We have held at this term that the státute does not make it an offense for one to procure liquor to be transported by another for himself, so far as the act of transportation is concerned. The idea of personal carriage is conveyed by the words “to transport” when one’s thus acting through another’s agency is excluded. The presentment is sufficient under Thompson’s Shannon’s Code, section 7080, and Acts 1911, chapter 32.

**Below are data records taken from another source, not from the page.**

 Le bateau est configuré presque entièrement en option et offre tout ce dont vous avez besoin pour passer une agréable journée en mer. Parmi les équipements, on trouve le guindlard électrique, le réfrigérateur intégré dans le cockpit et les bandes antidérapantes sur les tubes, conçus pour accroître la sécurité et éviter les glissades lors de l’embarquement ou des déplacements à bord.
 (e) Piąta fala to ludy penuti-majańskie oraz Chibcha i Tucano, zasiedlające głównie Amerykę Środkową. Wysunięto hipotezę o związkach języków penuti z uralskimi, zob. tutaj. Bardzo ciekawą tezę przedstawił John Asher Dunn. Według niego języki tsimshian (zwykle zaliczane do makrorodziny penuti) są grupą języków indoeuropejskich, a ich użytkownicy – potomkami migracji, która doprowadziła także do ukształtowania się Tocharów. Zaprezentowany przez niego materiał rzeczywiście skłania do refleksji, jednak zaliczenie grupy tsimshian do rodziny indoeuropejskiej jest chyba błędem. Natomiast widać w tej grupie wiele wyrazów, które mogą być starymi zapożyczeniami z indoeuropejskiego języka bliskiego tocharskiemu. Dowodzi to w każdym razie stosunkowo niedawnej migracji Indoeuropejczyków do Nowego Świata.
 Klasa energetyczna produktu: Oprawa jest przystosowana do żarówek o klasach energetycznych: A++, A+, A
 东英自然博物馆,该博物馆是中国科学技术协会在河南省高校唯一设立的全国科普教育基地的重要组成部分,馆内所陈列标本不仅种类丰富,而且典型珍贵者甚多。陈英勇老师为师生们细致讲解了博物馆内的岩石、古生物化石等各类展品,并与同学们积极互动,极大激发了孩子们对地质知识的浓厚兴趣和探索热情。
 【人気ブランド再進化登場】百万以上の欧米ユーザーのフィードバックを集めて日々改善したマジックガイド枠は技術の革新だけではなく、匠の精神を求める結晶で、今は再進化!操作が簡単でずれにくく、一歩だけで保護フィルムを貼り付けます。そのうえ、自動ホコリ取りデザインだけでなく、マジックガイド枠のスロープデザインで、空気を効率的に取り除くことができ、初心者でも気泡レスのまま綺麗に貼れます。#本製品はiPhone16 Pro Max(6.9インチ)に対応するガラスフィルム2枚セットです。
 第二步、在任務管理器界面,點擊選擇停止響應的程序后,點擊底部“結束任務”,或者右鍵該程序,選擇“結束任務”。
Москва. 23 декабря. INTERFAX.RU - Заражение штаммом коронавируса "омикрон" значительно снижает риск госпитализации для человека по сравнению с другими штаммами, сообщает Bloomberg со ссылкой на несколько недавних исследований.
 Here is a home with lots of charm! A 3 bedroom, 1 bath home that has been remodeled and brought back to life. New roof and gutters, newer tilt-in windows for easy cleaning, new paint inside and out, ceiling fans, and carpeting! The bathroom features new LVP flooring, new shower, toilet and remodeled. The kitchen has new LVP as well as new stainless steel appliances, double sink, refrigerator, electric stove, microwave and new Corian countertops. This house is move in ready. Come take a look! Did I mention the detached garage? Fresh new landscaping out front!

(d) The next assignment of error makes a statement of the facts necessary. These are few, only one witness having testified on the trial. Melrose is a railway station four miles south of Covington. The *601witness heard the train in question pnll ont of Cov-ington, and when, without stopping between stations, it stopped at Melrose, Hall left the train with two sacks which contained several quarts of whisky. After he had proceeded a short distance from the train he was arrested.

The trial judge charged the jury in the following language:

“If you are satisfied from the proof beyond a reasonable doubt that the defendant stepped off of a train with whisky in his possession, he would be guilty.”

The jurors could not have failed to understand that the train described by the State’s witness was the one to be considered by them. As may be seen by what has already been said, this charge was not erroneous; the facts not being in dispute. A carrying from such a train to the depot platform is a “transportation” within the meaning of the statute. Affirmance in each case results.